Arzu ettiklerini yaptığını sanmıyorum ama her zaman güler yüzlü ve herkese karşı hoş görülüydü.
Camlarının önünde öbek öbek, rengarenk menekşeleri dururdu. Onlara
itinayla bakardı. Her şeyin en iyisinden anlar, şık giyinir, çok güzel kıyafetler diker, magazin dergilerine taş çıkartacak sofralar hazırlardı. Zamanında ablamla bana, İzmit’de yapılan balolarda giymek için, çok güzel gece kıyafetleri dikmişti.

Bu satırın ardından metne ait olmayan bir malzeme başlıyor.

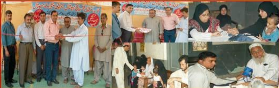
Free Medical Camp organized by Karachi Psychiatric Hospital at Pak Colony.
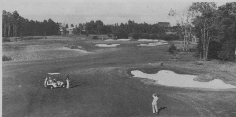
Florida boasts "the country's greatest tourist attraction," Disney World, which in itself has several great golf courses. Visible behind the ninth hole on the Magnolia course are the Contemporary and Polynesian Resort hotels.

Comments made so far are not meant to indicate that there are no problems connected with golf in the cities of the deep south, as such is not the case. A recent survey of the metropolitan Atlanta area showed that although this city could normally be expected to support 18 full-sized courses, it only has seven. And these, with only two exceptions — in spite of having ample maintenance personnel, supplies, and equipment — are very poorly maintained. There is a great opportunity in cities such as Atlanta with a 55 percent black population that includes a great number of people who until recently never had the opportunity to get on a course. This same situation applies to several other southern cities.
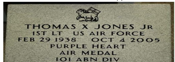
SMALL FLAT GRANITE (L)

This grave marker is 18 inches long, 12 inches wide, and 3 inches thick. Weight is approximately 70 pounds. Variations may occur in stone color.
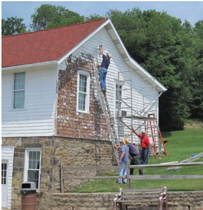
painting wooden section of Ann Murphy

A listing of the maintenance and capital improvement projects completed in 2011 were:
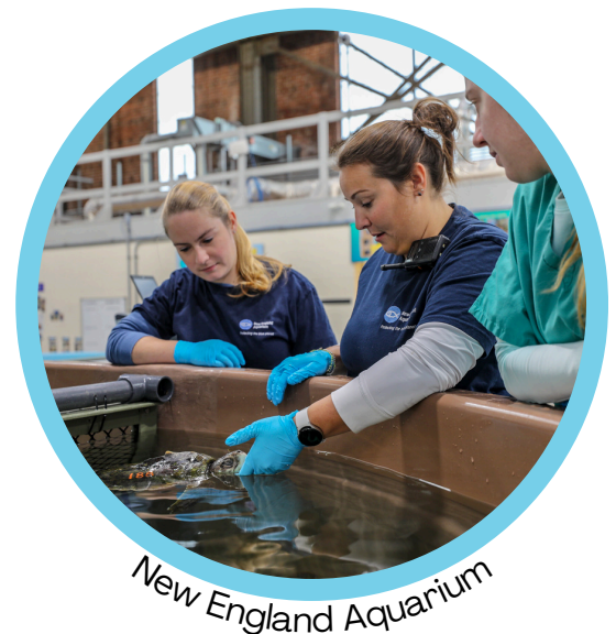
New England Aquarium

Interested in becoming a Sea Turtle SAFE Program Partner or Supporter? Reach out to Program Leader, Kelly Thorvalson: kthorvalson@scaquarium.org

Anneme çok benzerim. Yıllar evvel arkadaşlarım balkonda annemi görüp,
ben diye seslenmişlerdi. O zamanlar fazla kozmetik yoktu. Annem yüzüne buz ve gülsuyu sürerdi. Yaşından çok genç gösteren bir kadındı.
Öldüğünde atmış dört yaşındaydı. ‘’ Ablanız mı?’’ diye sormuştu annemi
yıkayan kadın. Beyazlar içersinde sanki öğlen uykusuna yatmış gibiydi. Yüzündeki huzur ve güzellik çok etkileyiciydi.
Anamızı yalnız bırakamamış, ablamla cenaze arabasının ön tarafına binmiştik. ‘’ Kadınlar bu arabaya binmeye korkar, siz korkmuyor musunuz?’’ demişti şoför, bize endişeyle bakarak. Düşüncesiz adam. Arkada yatan bizim anamızdı. Cenaze arabasını, çok sevdiği evinin önünden, her zaman gittiği Göztepe parkından geçirmiştik. Hissetti mi bilmem ama sanki bunu yapmakla daha çok biz huzur
bulmuştuk.
‘’Cenazeme bütün kadınlar süslenip gelsin, her ölüm yıldönümünde masa
kurup bana kadeh kaldırın’’sözleri son isteklerindendi. Benim doğum günümden bir gün evvel vefat etmişti.
Hastalığını, kendi dahil kimsenin bilmediği zamanda yeğenim için hep
beraber gelinlik bakmaya çıkmıştık. Annem, ablam, yeğenim ve ben Kadıköy’de ki bir gelinlik mağazasına girdik. Yeğenim annemle modellere bakarken; ‘’Dün gece annemle ilgili çok kötü bir rüya gördüm’’ dedi ablam. Nedense çocukluğumdan beri ablam hayat da meydana gelecek olayları önceden rüyalarında da görürdü. Tesadüf bu ya terzi hanım da rüya tabirlerine meraklıymış. Masanın üstündeki rüya tabiri kitabı gözümüze ilişince alıp baktık. Ablam, annemin evi ve eşyalarıyla birlikte
yandığını görmüş. Hatırladığım kadar rüya tabirleri kitabında bunun karşılığı olarak; bu kişinin amansız bir hastalığa yakalanacağı, şifa bulamayacağı yazıyordu.
Birbirimize dehşetle baktık, içimiz daraldı, susuverdik.
Annem kısa bir süre sonra akciğer kanserine yakalandı. Hastalık çok hızlı bir şekilde ilerledi ve vefat etti. Annemden içimde, önce büyük bir üzüntü sonra acı ve şimdi arada bir derinlerden gelip yoklayan ince bir sızı kaldı. Kıymet ne kadar bilindi bilmem ama bir annenin yokluğu olduğu sürece içimizdeki çocuğu avutacak kimse olmayacaktır.
Cenneti ayakları altında olan bütün Annelerin, Anneler gününü içtenlikle
kutlarım. Annem Esin Deniz Sümer anısına.